WORK TO COMPLETE: Please write out exactly the line containing "リボンについているハートのビーズの色は Peach Pink." below and every line after it, through the last one, but leave out any pictures.

INPUT DATA:
───
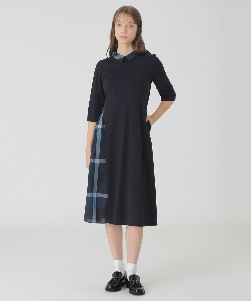 スカート部分のクレストブリッジチェック切替がポイントのドレスです。
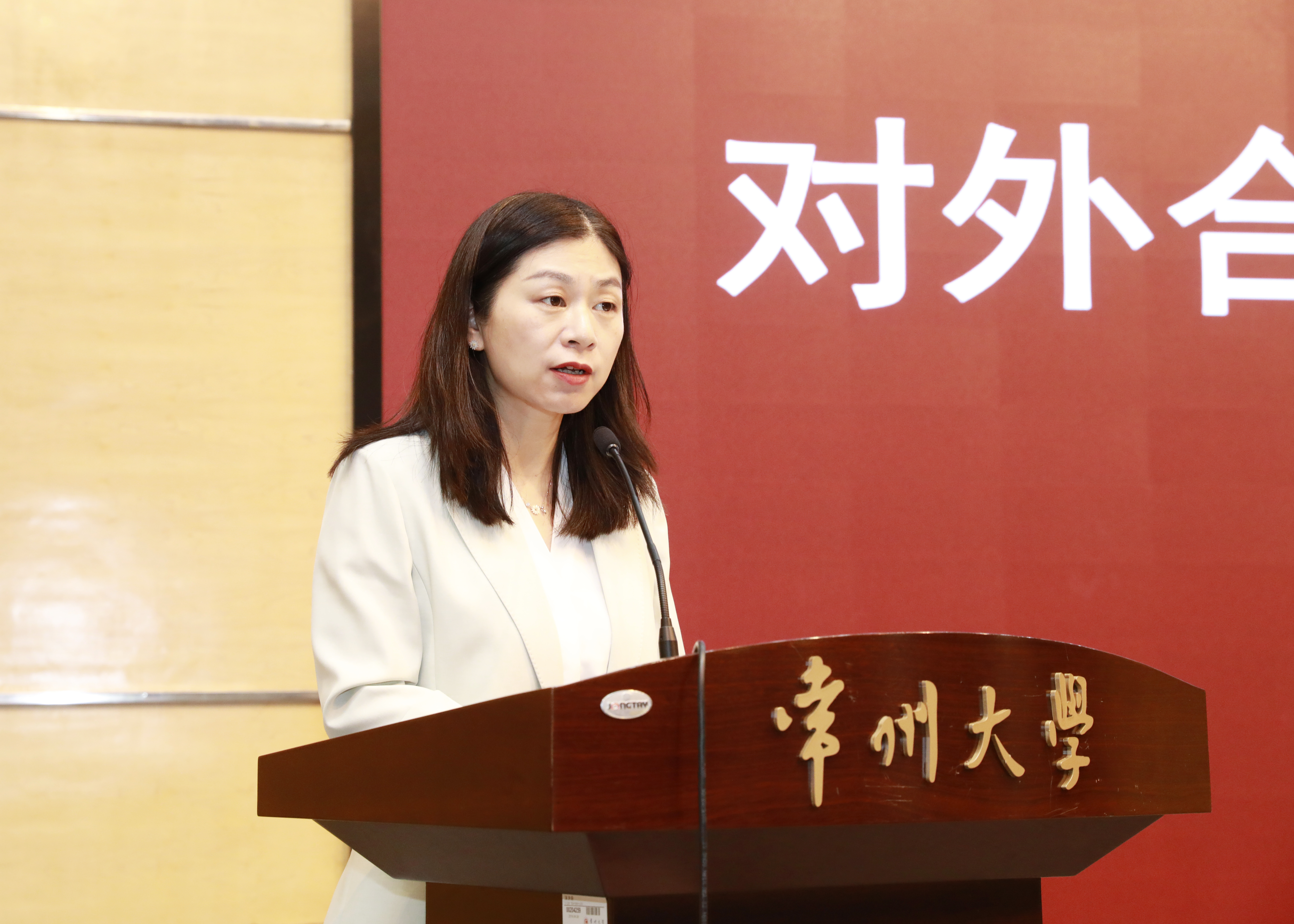 王建浦介绍了常州大学来华留学教育的亮点成绩和特色优势,鼓励留学生深入了解常州中吴文化和新能源汽车产业,了解常州这座城市,为促进中外民心相通发挥积极作用。施蕴玉介绍了“悦读江苏”活动的进展情况,希望留学生们通过不同视角讲述真实立体、生动可爱、内涵丰富的“常州故事”,让更多人了解江苏的文化底蕴。南京林业大学国际教育学院副院长孟晓轲作为教师代表、江苏大学俄罗斯籍硕士研究生妙妙作为留学生代表分别发言。
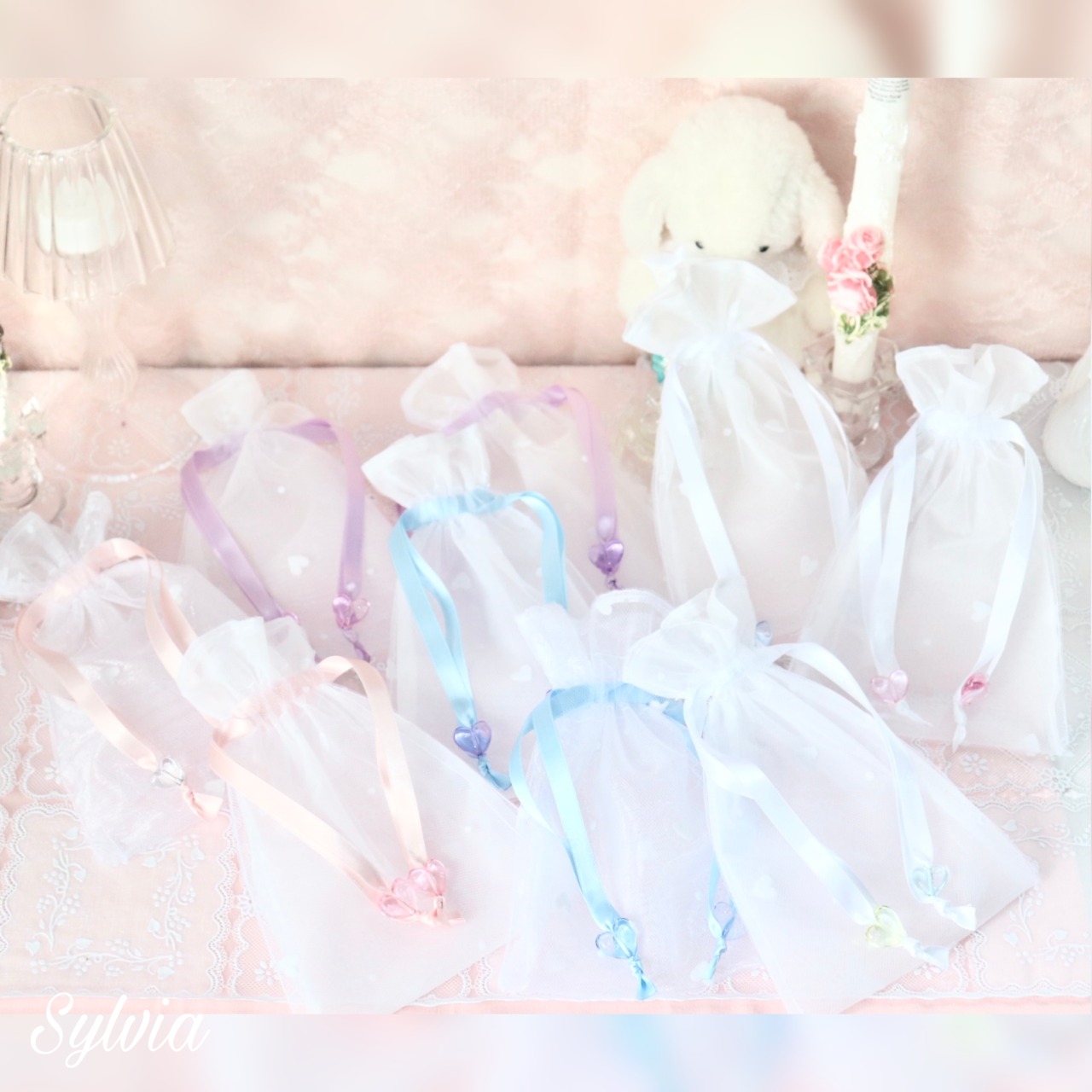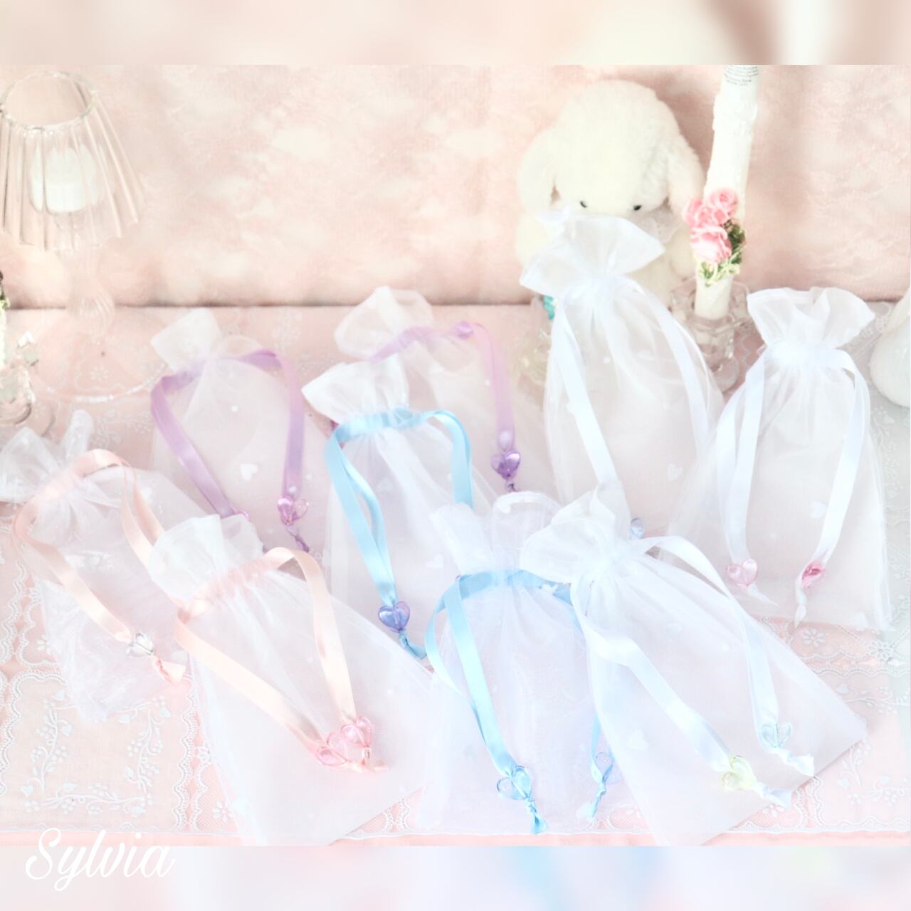 リボンについているハートのビーズの色は Peach Pink. Sky Blue. Lemon Yellow. Lavender Purple. Mint Greenです。
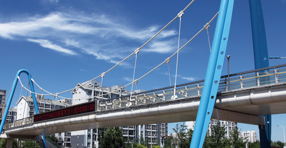 工程位于天津市西青區,一號人行天橋為鋼結構雙塔懸索橋。
───
SOLUTION TO THE EXERCISE:
 リボンについているハートのビーズの色は Peach Pink. Sky Blue. Lemon Yellow. Lavender Purple. Mint Greenです。
 工程位于天津市西青區,一號人行天橋為鋼結構雙塔懸索橋。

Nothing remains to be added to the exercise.